== TRY IT ==
In the listing below, the lines starting at the line with "活动现场,设置了急救知识展板" and ending at the line with "Harry poked a" are to be output verbatim. Images stay out of the copy.
EXCERPTED DATA START
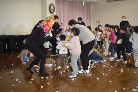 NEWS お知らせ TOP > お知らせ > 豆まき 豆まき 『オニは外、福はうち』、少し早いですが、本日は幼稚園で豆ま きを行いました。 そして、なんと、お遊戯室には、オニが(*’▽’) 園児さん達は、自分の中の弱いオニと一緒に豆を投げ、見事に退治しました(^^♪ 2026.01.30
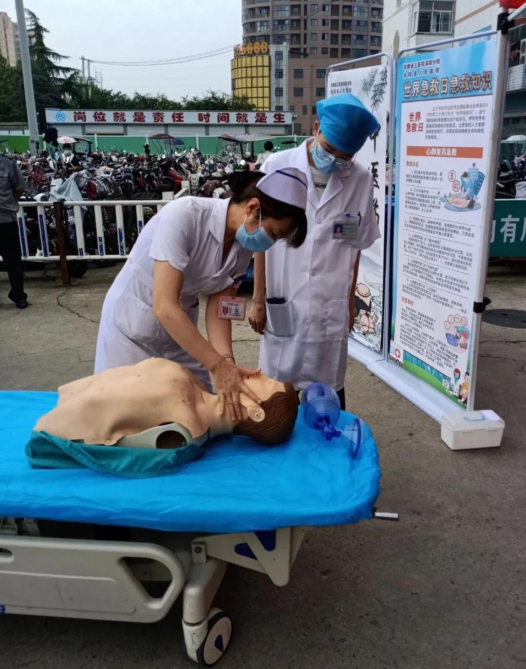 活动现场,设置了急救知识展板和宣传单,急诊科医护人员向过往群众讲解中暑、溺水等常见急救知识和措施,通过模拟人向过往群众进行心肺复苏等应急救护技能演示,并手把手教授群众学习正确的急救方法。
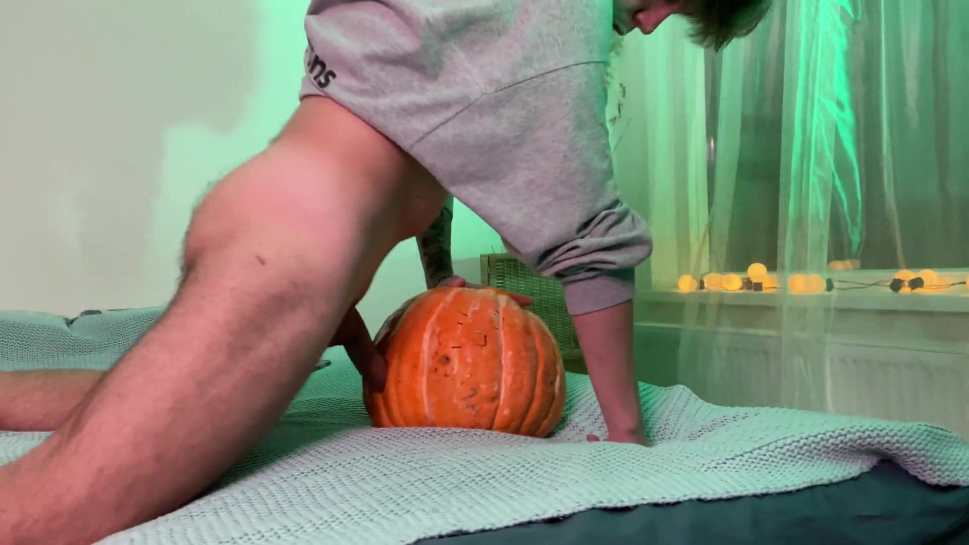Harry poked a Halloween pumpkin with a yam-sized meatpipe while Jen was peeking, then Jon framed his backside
EXCERPTED DATA END
EXCERPTED DATA START
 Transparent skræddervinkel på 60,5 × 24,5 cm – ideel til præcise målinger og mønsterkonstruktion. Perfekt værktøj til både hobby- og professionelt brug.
EXCERPTED DATA END
EXCERPTED DATA START
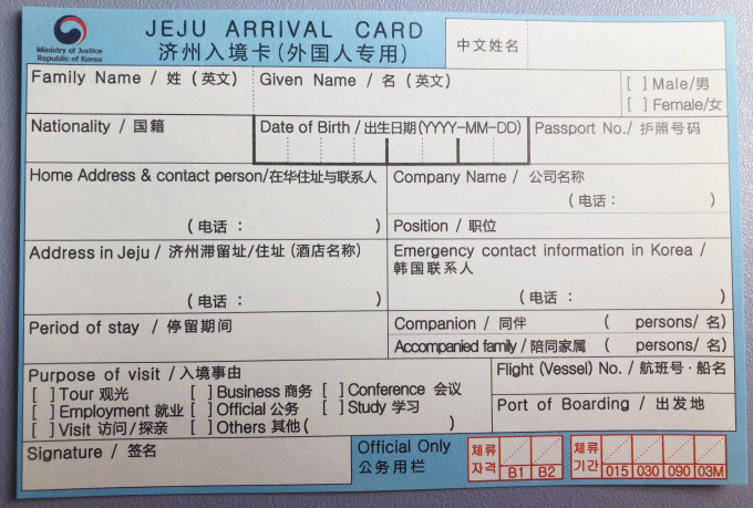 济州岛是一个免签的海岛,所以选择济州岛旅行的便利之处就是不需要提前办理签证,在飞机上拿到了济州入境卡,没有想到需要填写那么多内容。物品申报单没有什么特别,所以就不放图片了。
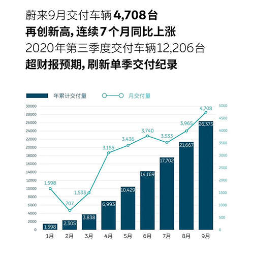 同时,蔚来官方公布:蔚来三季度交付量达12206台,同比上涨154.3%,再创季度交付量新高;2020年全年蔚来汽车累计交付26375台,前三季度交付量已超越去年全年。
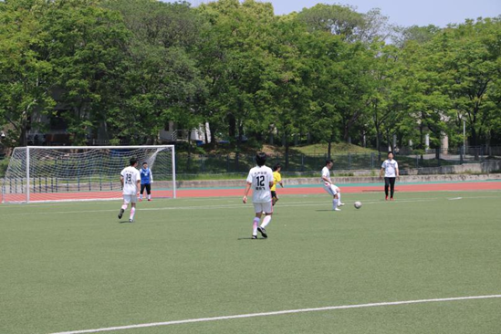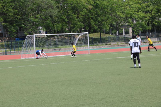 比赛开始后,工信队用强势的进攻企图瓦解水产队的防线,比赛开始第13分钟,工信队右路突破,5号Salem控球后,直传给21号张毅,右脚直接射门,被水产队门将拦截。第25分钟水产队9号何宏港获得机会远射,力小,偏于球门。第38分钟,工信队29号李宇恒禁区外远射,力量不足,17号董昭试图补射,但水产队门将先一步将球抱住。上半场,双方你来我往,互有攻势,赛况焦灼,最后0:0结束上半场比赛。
EXCERPTED DATA END
== FINISHED EXERCISE ==
 活动现场,设置了急救知识展板和宣传单,急诊科医护人员向过往群众讲解中暑、溺水等常见急救知识和措施,通过模拟人向过往群众进行心肺复苏等应急救护技能演示,并手把手教授群众学习正确的急救方法。
Harry poked a Halloween pumpkin with a yam-sized meatpipe while Jen was peeking, then Jon framed his backside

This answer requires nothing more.